After recovering in the hospital, he was transported to the mental hospital, where he was to be held until the doctors deemed him stable enough to return home. He had been allowed a phone call a week after everything had happened. And that is when he told me. It was also the day he told me that he loved me for the first time.

I was awoken from my state of shock by my Dad calling for dinner. I said goodbye to Him, hung up the phone, and sat down for dinner. I didn't eat anything or say anything. My Dad could tell something was wrong, but he didn't ask about it. And for that I was grateful.

For months, we worked through all of his problems together. I paid more attention to how he felt and to what was going on in his life. But, in doing so, I neglected myself and my own life. My Mom was still away, and I often went two months without hearing a word from her. I was miserable in school and had no real friends. I hadn't told anyone about anything that had happened with His suicide attempt. I was depressed and reclussive, but I refused to address it. My classmates, my teachers, and my family would ask me what was wrong, and I would deny that anything was. I told them they just didn't know me, and couldn't see that I was perfectly fine. I covered up the pain. Nobody could know that I was as was just as depressed as He had been.

There were many nights I contemplated the End. The only thing that kept me from taking my life was thinking about my Mom. I wanted to see her come back. I wanted to hug her and talk to her. I wanted to see her smile and hear her laugh. I wanted her to have someone to come home to.


It took me many months of therapy, but I learned how to control my depression and my anxiety; moreover, I learned that it was okay to let myself be helped. Humans are flawed, we bend and we break. We lose our way. Sometimes, a little help can make the difference between true happiness and depression.

And then the moment I thought things were finally on the upturn, the boy I'd loved for more than a year--whose side I had stuck by through a suicide attempt--told me that he was struggling with alcoholism and smoking.
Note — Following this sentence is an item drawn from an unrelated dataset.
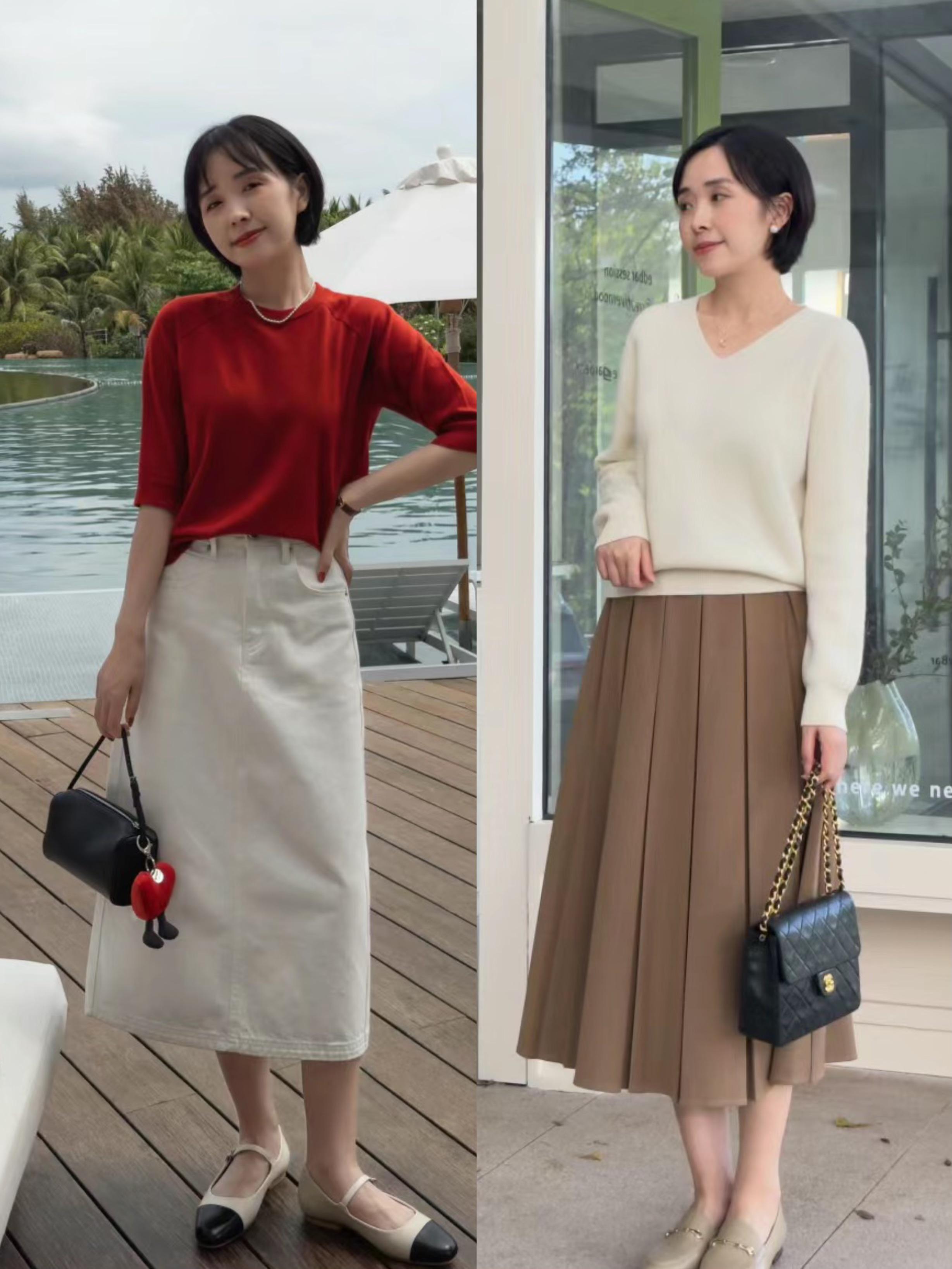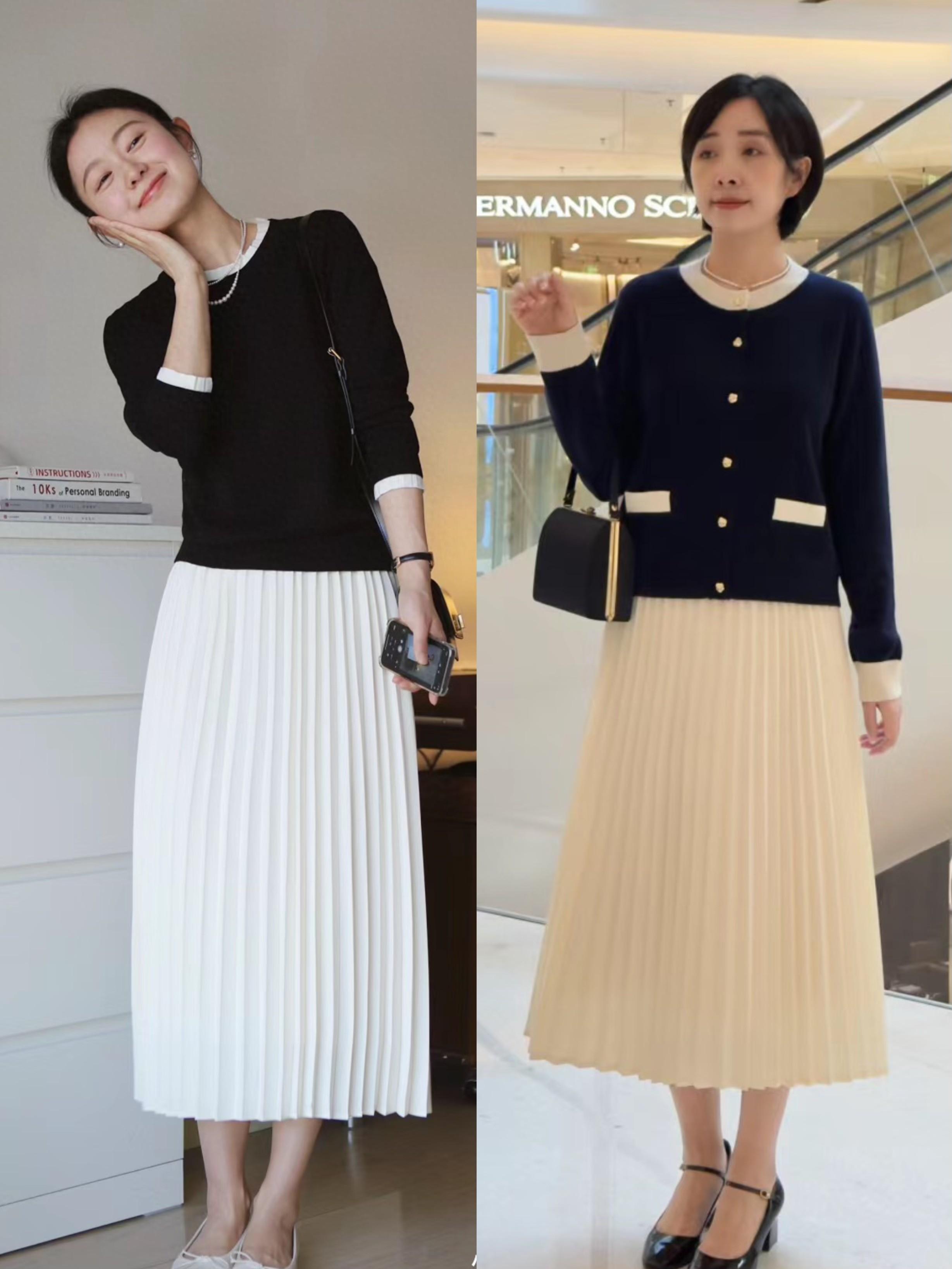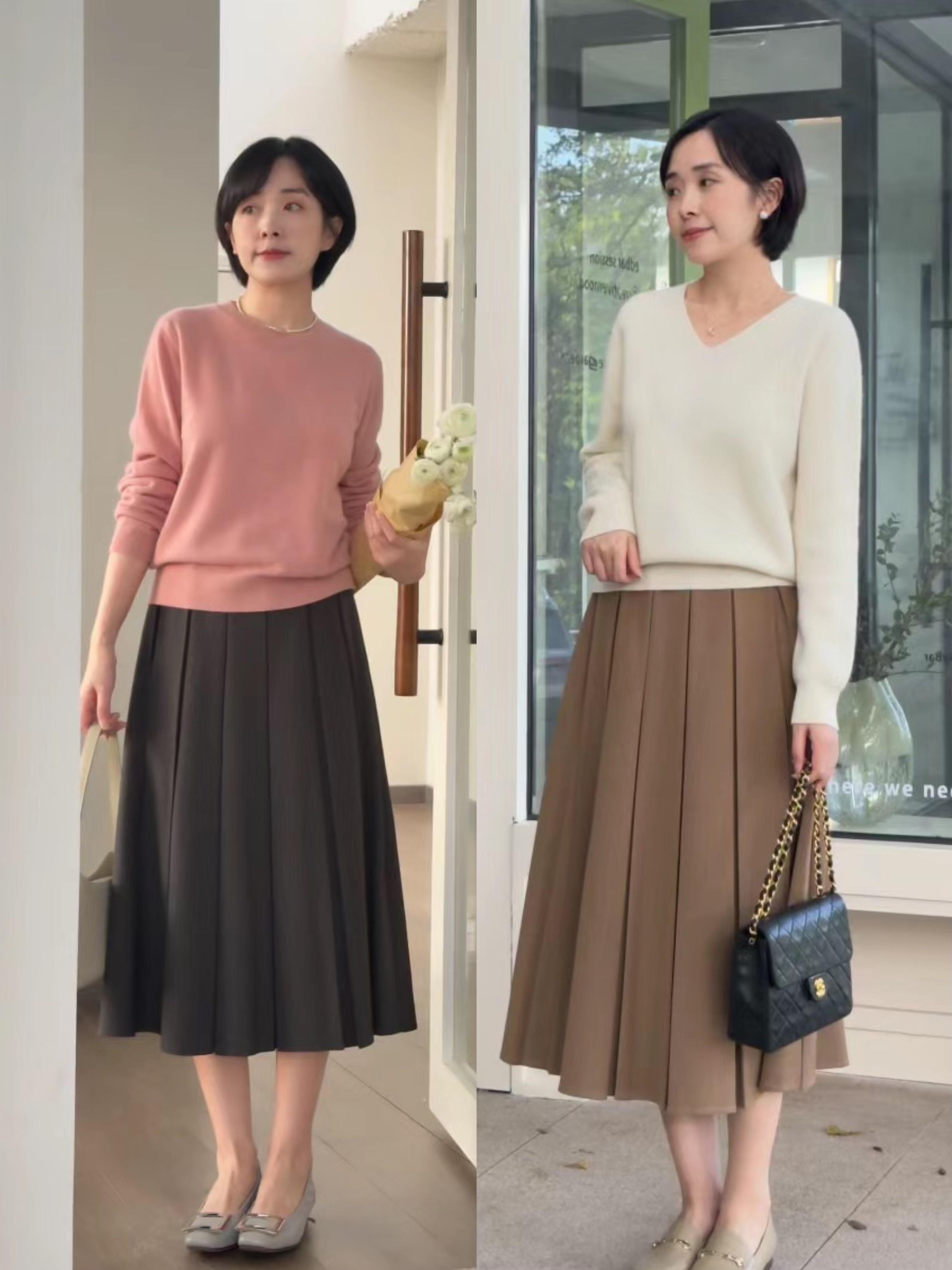 比如寬鬆的針織衫,比較細膩的面料配上V形領口的剪裁、加上收腰的設計,就利落又輕盈。百褶的半身裙,是一種立體的壓褶設計,特別的顯瘦耐看、時髦度也在線。

Keep in mind that I was only fifteen when this all happened. Before that point in my life, I had never been around someone who smoked, did drugs, or drank. To me, this was a foreign atrocity. It was unthinkable to me that someone my age would be struggling with issues as monumental as these.

Even after the hell I had been through recovering from his problems and mine, I still loved him. But, I knew that he was no good for me and that there was no way I could ever live a life with him in it if I wanted to be happy. So, I told him goodbye.

The school year ended, summer came, and I had finally found some peace. I had a new perspective on life, my Mom came back, He was out of my life and no longer causing me pain, and all of the dead weight that I had been carrying around was gone. I launched myself forward, into my sophomore year. Instead of dwelling on the wreckage of my past and the obstacles underfoot, I looked ahead to college, success, friendships, and living in control of my own life.

We are always told that everything must end, but most of us are still frightened by that idea--the idea that love ends, jobs end, school ends, friendships end, and everything ends. To me, endings aren't so scary now, they are even welcome. Even death, the inevitable ending, doesn't frighten me, whether or not it's my own.